Depression/Anxiety

Five Steps to Take Instead of Saying “Stop Feeling This Way”: “To Do” vs “To Be” (Part I)

tobe1I had a very rough summer this year. This summer, two of the elders in my family passed away. I struggled to balance my life in the US while returning to Taiwan to be with my surviving family members and to say goodbye to my deceased family members.

As the summer rolled out and the fall rolls in, I can’t help but feeling exhaustion. Death and dying always teach me something about myself and life. It reminds me how I often focused on the things I need “to do” and forget how “to be” with my loved ones. It also reminded me that there are many things in life, such as death, is not about what “to do” but how “to be.”

It got me to think about “to be” vs. “to do” and how it works in one’s relationship with oneself and his/her partner.

“To Be” vs. “To Do”: Five Steps to Take Instead of Saying “Stop Feeling This Way”

It’s never easy “to be” with yourself when you are not feeling good. When you feel depressed, angry, sad, or anxious, the first thing you want “to do” is to find a way to get out of the emotions.

However, this study showed that by accepting how you feel, you actually might feel better.

That makes sense, right? By feeling bad about feeling bad, you make you feel worse.

Wait, what am I saying?

What I am saying is this: “Instead of trying to do something to get out of your current negative emotions, why not try to stay with your emotions?”

What can you “do” while trying to “be” with your emotions? Here are five steps you can take.

Step 1: Take out a piece of paper and pen.

Step 2: Instead of saying: “Stop Feeling This way,” try to answer these two questions or just one of them.

Question # 1:
“It’s OK to feel _________ (sad, depressed, anxious, angry, etc.) this way because __________”

Question # 2:
“ Tell me more about your ___________ (sad, depressed, anxious, angry, etc.)”

Step 3: Write as if you are your emotions. For example, if you feel depressed, give your depression a voice. Write down everything the depression has to say on the paper.

Step 4: Answer back as if you are answering to your good friend. Starting the sentence by saying: “It makes sense you feel ________ (sad, depressed, anxious, angry, etc.) because of _______.” I am sure you have spent a lot of time helping other people, why not giving yourself the time you needed for yourself?

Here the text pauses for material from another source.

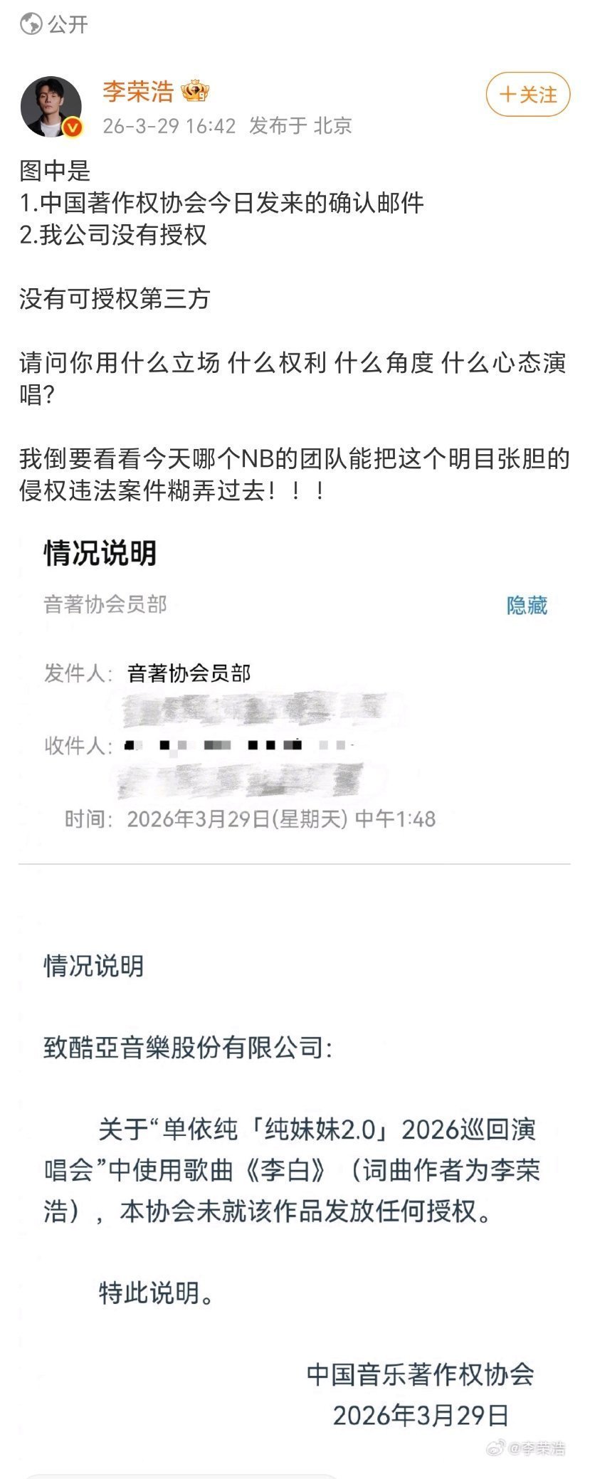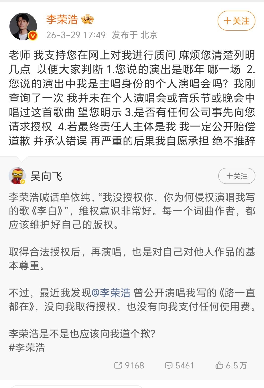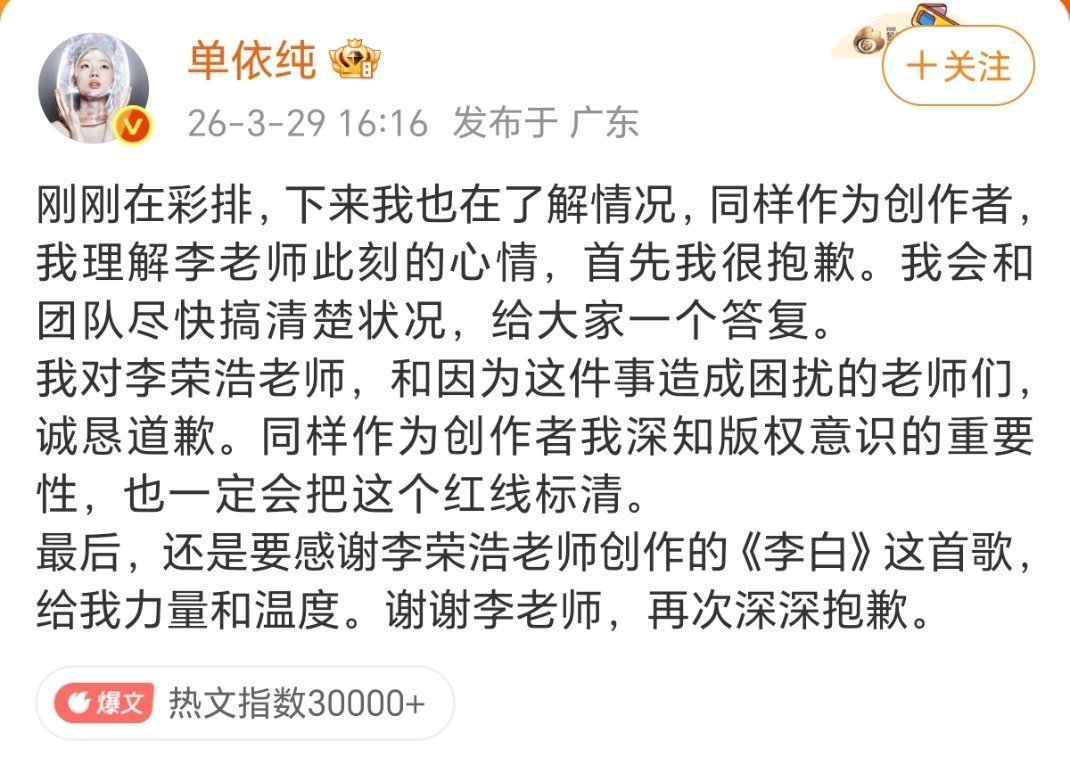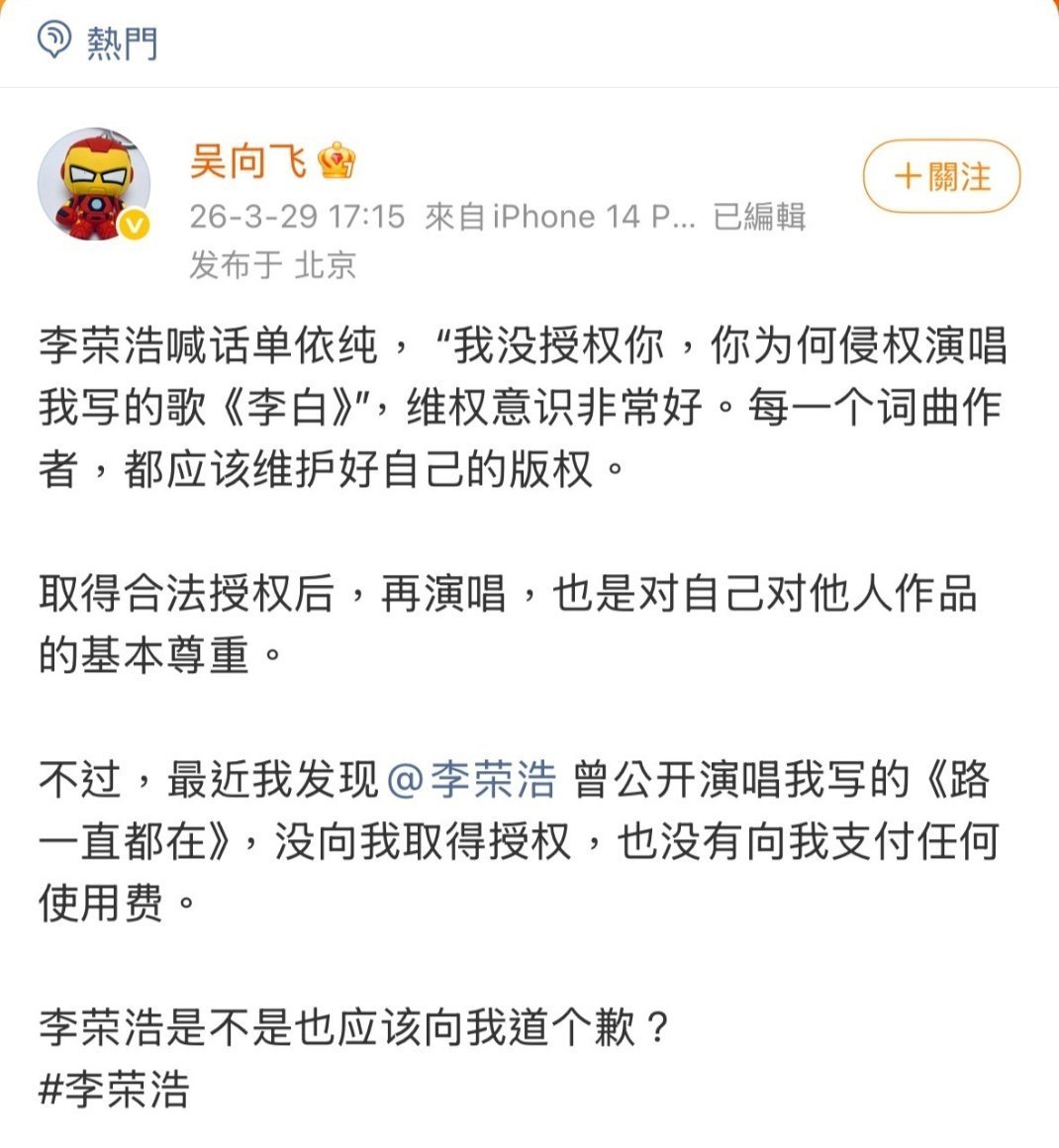 好喜欢看糊坛这样亲自下场刚的热闹李荣浩是堵死了单依纯辩解的各种理由 啊啊吴向飞出来说李荣浩无授权唱他的歌还没给钱 李荣浩已正面回应

Step 5: Now, on the scale 1 to 10, ten means the most distressed emotions and 1 mean nothing, how would you rate yourself comparing to when you first started this exercise?

I hope your answer has gotten you to a place where you are ready to move on to something else. If not, let’s continue.

Step 6: If you continue to feel the stress significantly, repeat step 2-4. Don’t give up. You deserve to be with yourself until you feel better to move on.

Step 7: If the stress is too much to handle, call for help. You deserve the help from your friends, family, loved ones, etc.

Don’t throw away your suffering. Touch your suffering. Face it directly, and your joy will become deeper. You know that suffering and joy are both impermanent. Learn the art of cultivating joy. Practice like this, and you come to the third turning of the Third Noble Truth, the “Realization” that suffering and happiness are not two. When you reach this stage, your joy is no longer fragile. It is true joy.